**Data shown**
[Start of Attachment]

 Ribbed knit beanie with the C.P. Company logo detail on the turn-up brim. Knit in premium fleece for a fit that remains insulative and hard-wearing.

[End of Attachment]
[Start of Attachment]

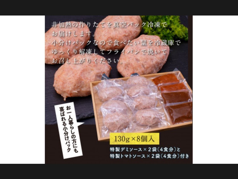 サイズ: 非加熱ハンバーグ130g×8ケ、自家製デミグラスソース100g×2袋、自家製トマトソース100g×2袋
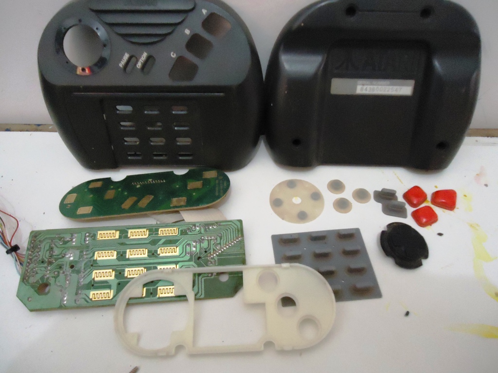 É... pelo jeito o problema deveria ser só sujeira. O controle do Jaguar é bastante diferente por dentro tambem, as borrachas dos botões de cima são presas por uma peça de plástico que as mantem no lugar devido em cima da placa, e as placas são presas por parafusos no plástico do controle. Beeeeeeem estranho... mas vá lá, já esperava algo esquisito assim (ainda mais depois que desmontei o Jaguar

[End of Attachment]

**Instructions to follow**
An exact copy is needed of the stretch above that opens with the line containing "サイズ: 非加熱ハンバーグ1" and closes with the line containing "É... pelo jeito"; the pictures are not part of it.

**Written solution**
 サイズ: 非加熱ハンバーグ130g×8ケ、自家製デミグラスソース100g×2袋、自家製トマトソース100g×2袋
 É... pelo jeito o problema deveria ser só sujeira. O controle do Jaguar é bastante diferente por dentro tambem, as borrachas dos botões de cima são presas por uma peça de plástico que as mantem no lugar devido em cima da placa, e as placas são presas por parafusos no plástico do controle. Beeeeeeem estranho... mas vá lá, já esperava algo esquisito assim (ainda mais depois que desmontei o Jaguar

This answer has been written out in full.